--- Records for this exercise ---

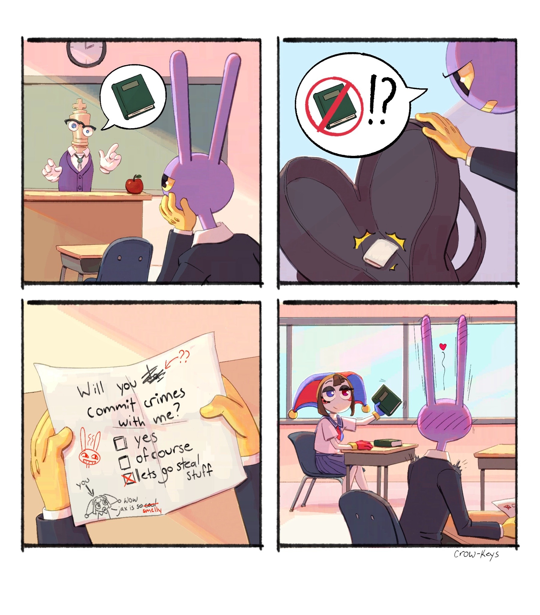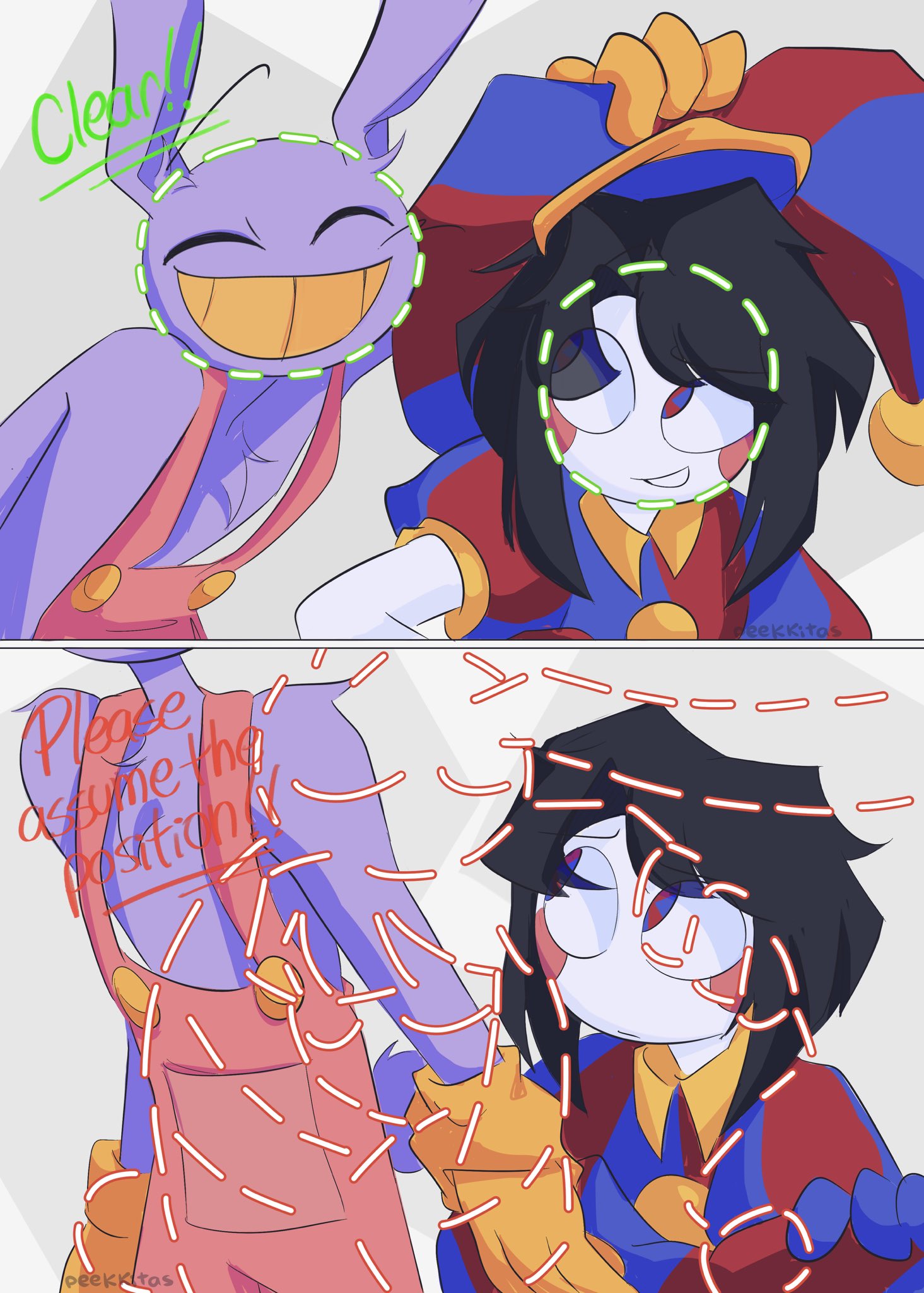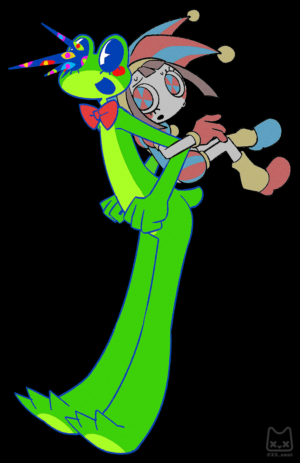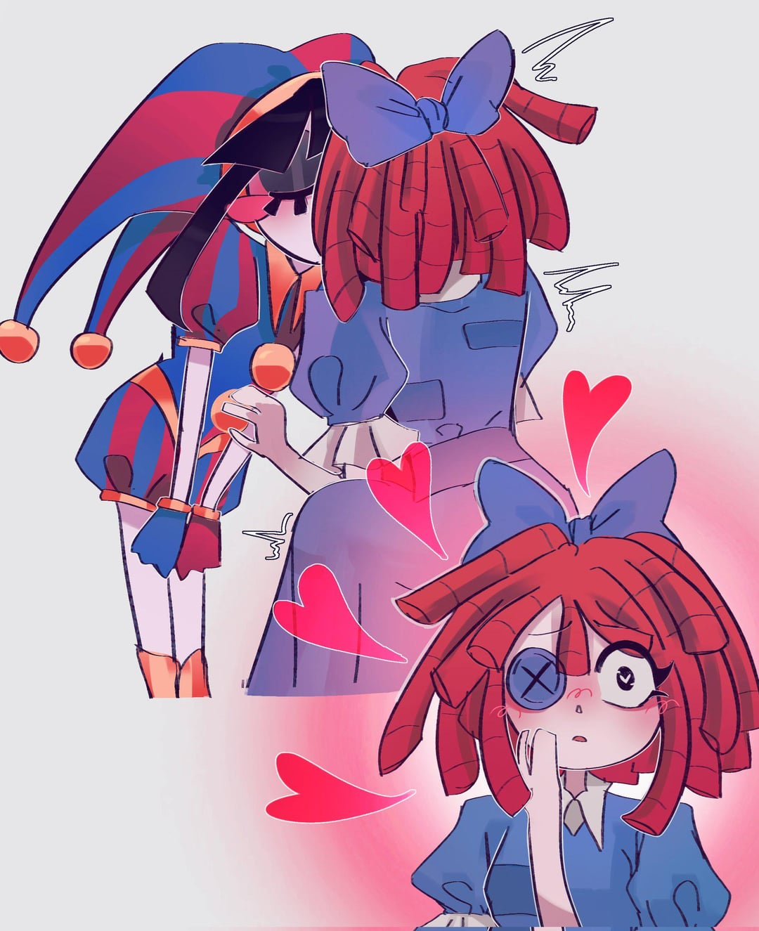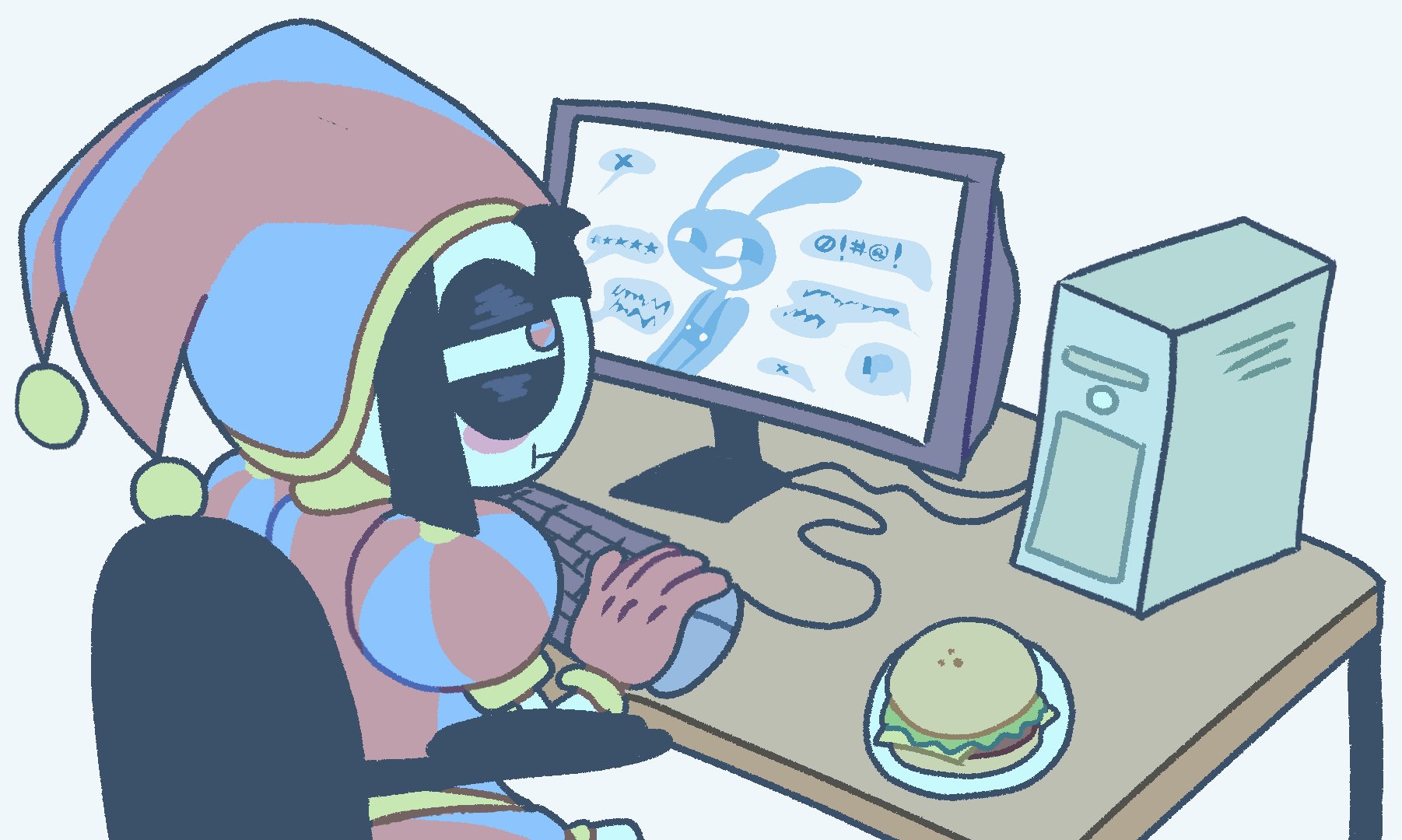 If Pomni’s hat were removable, you know Jax would have destroyed all potential for good will by stealing it every day and hiding it somewhere too high for her to reach until she finally snaps and kicks his ass, but not in a loving way
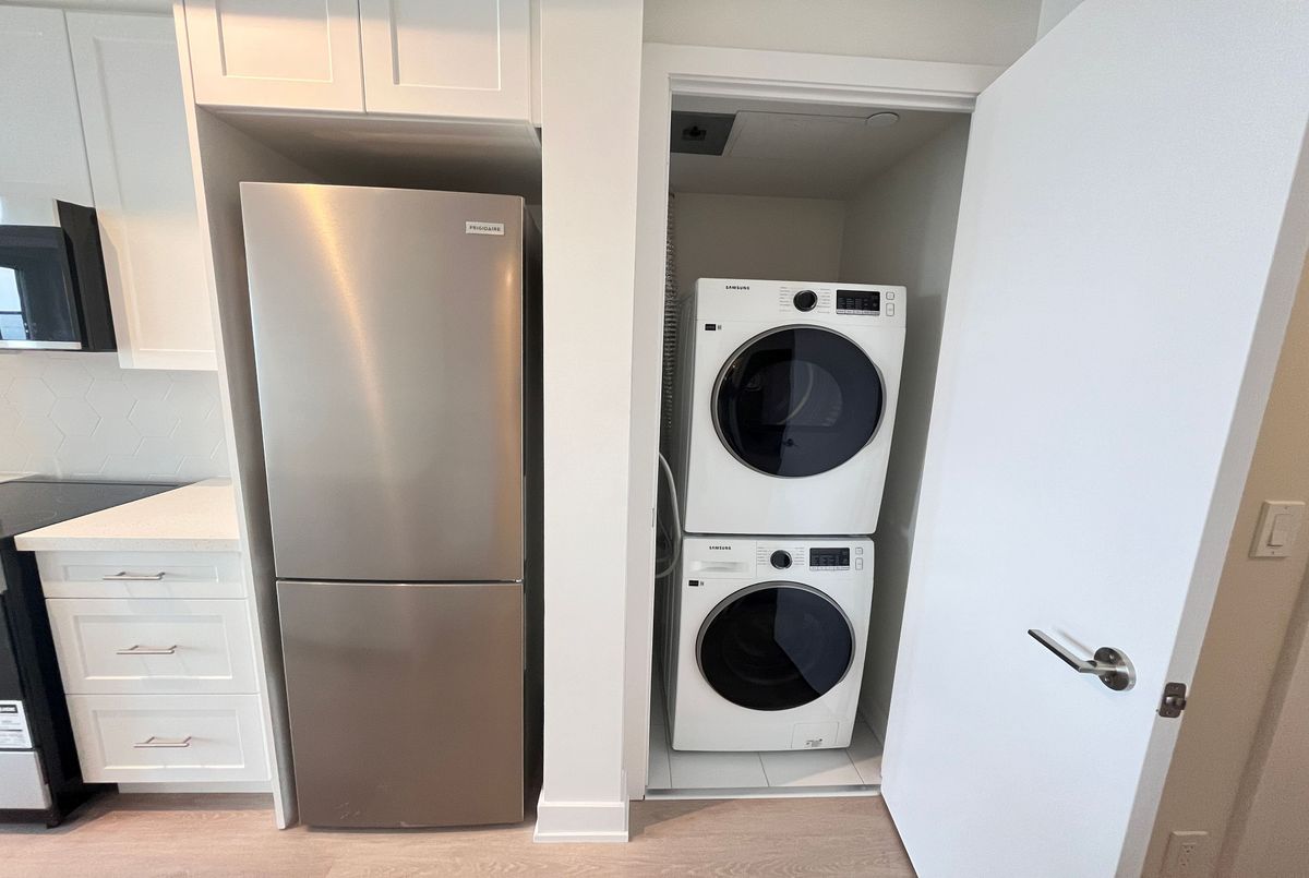 Two years old Luxury Ellie Condo at core of North York.1 Bed+Den,2 Full Bath,Den is a seperate room with door,Can Be Used As Second Bedroom.Upgrade kitchen Cabinet&counter top.9Ft Ceilings,Laminate floors throughout.Stainless Steel Appliances, Stacked Washer And Dryer.Steps To Subway, Supermarket, Restaurants And All Amenities.
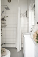Badrummet är beläget i nära anslutning till hallen och är stilrent klätt med vitt kakel på väggarna och en tålig grå plastmatta på golvet.
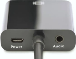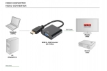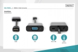 Univerzalni adapter DIGITUS pretvara signal HDMI u VGA i istovremeno nudi 3,5 mm audio izlaz. Podržava Full HD 1080p, radi na principu plug & play i ne zahtijeva upravljačke programe – idealno za povezivanje prijenosnih računala, reproduktora i igraćih konzola sa starijim monitorima i projektorima s VGA priključkom.
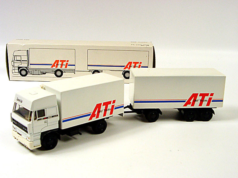 LION-CAR (PAYS-BAS) 76 DAF 3600 SPACE CAB fourgon avec remorque 'ATI' blanc
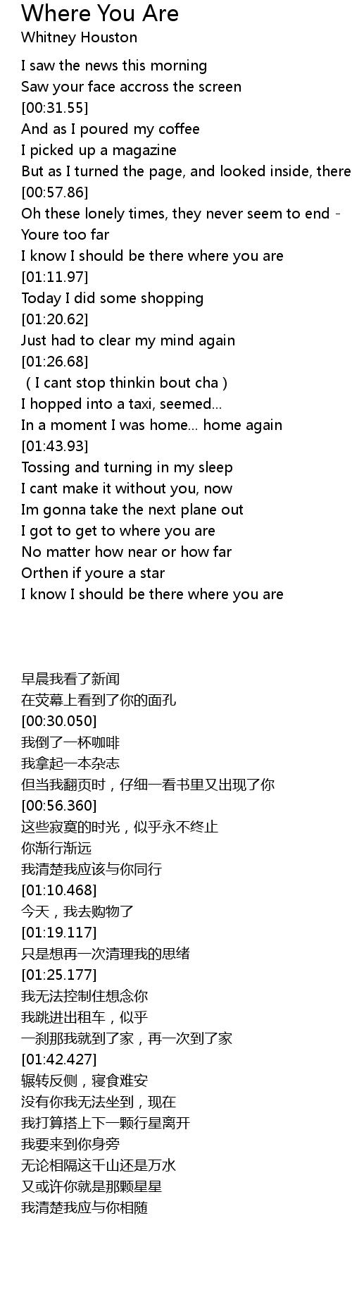 | [01:06.90] | I know I should be there where you are |
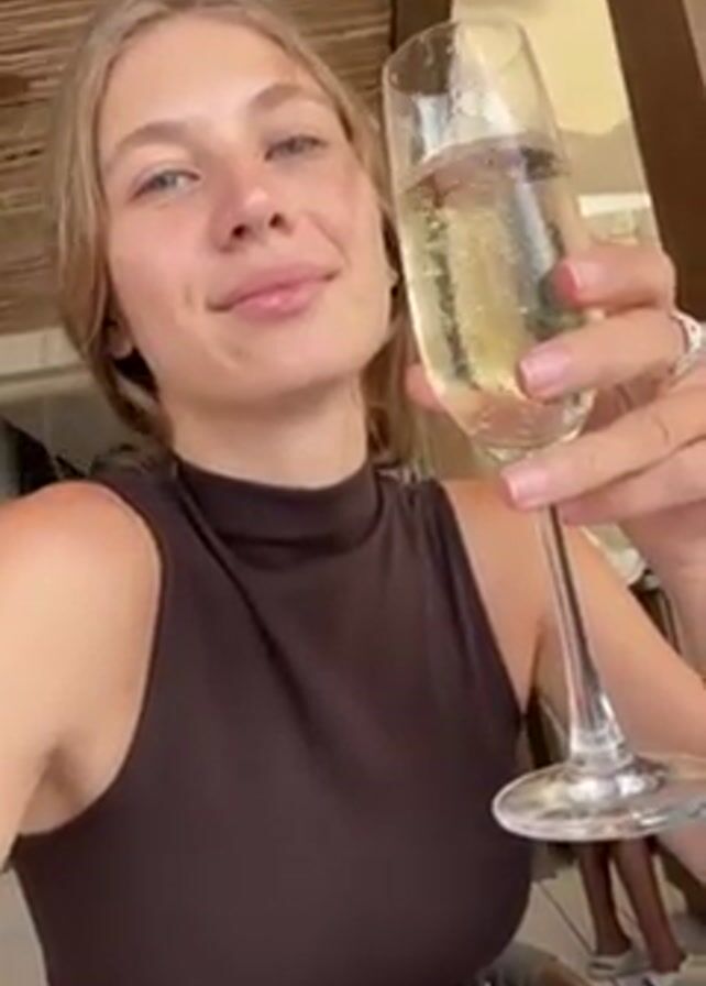 A woman is holding a glass of sparkling wine in front of her face. She has blonde hair and is wearing a brown sleeveless top. She is looking at the camera and smiling. There is a thatched roof above her and other people can be seen in the background. The camera zooms in on the glass of wine. The woman is sitting at a table.
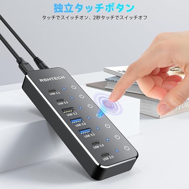 商品名:RSHTECH USB ハブ 10Gbps 7ポート USB-C×4・USB-A×3 セルフ/バス両対応 タッチスイッチ付き ACアダプタ付(100cm) アルミ合金ボディ 高耐久性 ポート拡張 Type-C/USB接続対応 (RSH-ST07C-4)
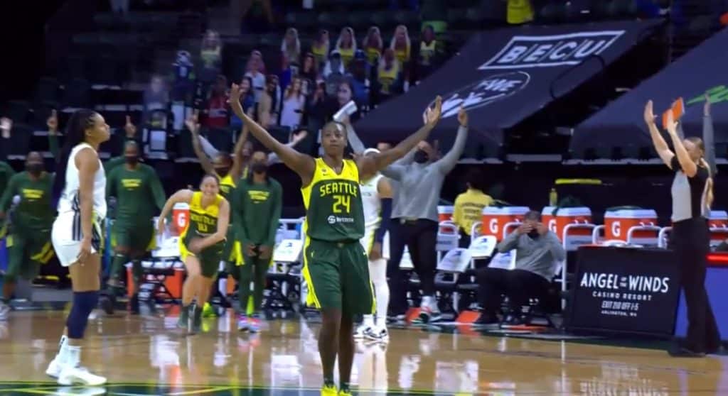 A une seconde du buzzer, donc, Jewell Loyd (25 points, 7 passes) a décidé que la soirée ne devait pas s’éterniser davantage. Seattle et Dallas avaient déjà prolongé un peu le plaisir en overtime, après un gros shoot de Satou Sabally (18 points), à peine revenue des qualifications pour le Tournoi Olympique avec l’Allemagne en 3×3. Alors que l’on se dirigeait vers une deuxième prolongation et que les jambes commençaient à devenir lourdes de part et d’autre, l’usual suspect a délivré la sentence. Une remise en jeu effectuée par l’excellente Stephanie Talbot, (21 points à 4/5 à 3 points) un catch and shoot sur une trajectoire en arc en ciel à un mètre derrière l’arc de cercle et… BANG ! Une issue déchirante pour les Wings, qui menaient de 10 points dans le 4e quart-temps, et incroyablement bonne pour le moral du Storm, qui continue de trouver le moyen de gagner sans la même assise défensive qu’en 2020.

---

Nothing but the lines from the line containing "Badrummet är beläget" to the end of the records above should be repeated, exactly and with every picture omitted.

Badrummet är beläget i nära anslutning till hallen och är stilrent klätt med vitt kakel på väggarna och en tålig grå plastmatta på golvet.
 Univerzalni adapter DIGITUS pretvara signal HDMI u VGA i istovremeno nudi 3,5 mm audio izlaz. Podržava Full HD 1080p, radi na principu plug & play i ne zahtijeva upravljačke programe – idealno za povezivanje prijenosnih računala, reproduktora i igraćih konzola sa starijim monitorima i projektorima s VGA priključkom.
 LION-CAR (PAYS-BAS) 76 DAF 3600 SPACE CAB fourgon avec remorque 'ATI' blanc
 | [01:06.90] | I know I should be there where you are |
 A woman is holding a glass of sparkling wine in front of her face. She has blonde hair and is wearing a brown sleeveless top. She is looking at the camera and smiling. There is a thatched roof above her and other people can be seen in the background. The camera zooms in on the glass of wine. The woman is sitting at a table.
 商品名:RSHTECH USB ハブ 10Gbps 7ポート USB-C×4・USB-A×3 セルフ/バス両対応 タッチスイッチ付き ACアダプタ付(100cm) アルミ合金ボディ 高耐久性 ポート拡張 Type-C/USB接続対応 (RSH-ST07C-4)
 A une seconde du buzzer, donc, Jewell Loyd (25 points, 7 passes) a décidé que la soirée ne devait pas s’éterniser davantage. Seattle et Dallas avaient déjà prolongé un peu le plaisir en overtime, après un gros shoot de Satou Sabally (18 points), à peine revenue des qualifications pour le Tournoi Olympique avec l’Allemagne en 3×3. Alors que l’on se dirigeait vers une deuxième prolongation et que les jambes commençaient à devenir lourdes de part et d’autre, l’usual suspect a délivré la sentence. Une remise en jeu effectuée par l’excellente Stephanie Talbot, (21 points à 4/5 à 3 points) un catch and shoot sur une trajectoire en arc en ciel à un mètre derrière l’arc de cercle et… BANG ! Une issue déchirante pour les Wings, qui menaient de 10 points dans le 4e quart-temps, et incroyablement bonne pour le moral du Storm, qui continue de trouver le moyen de gagner sans la même assise défensive qu’en 2020.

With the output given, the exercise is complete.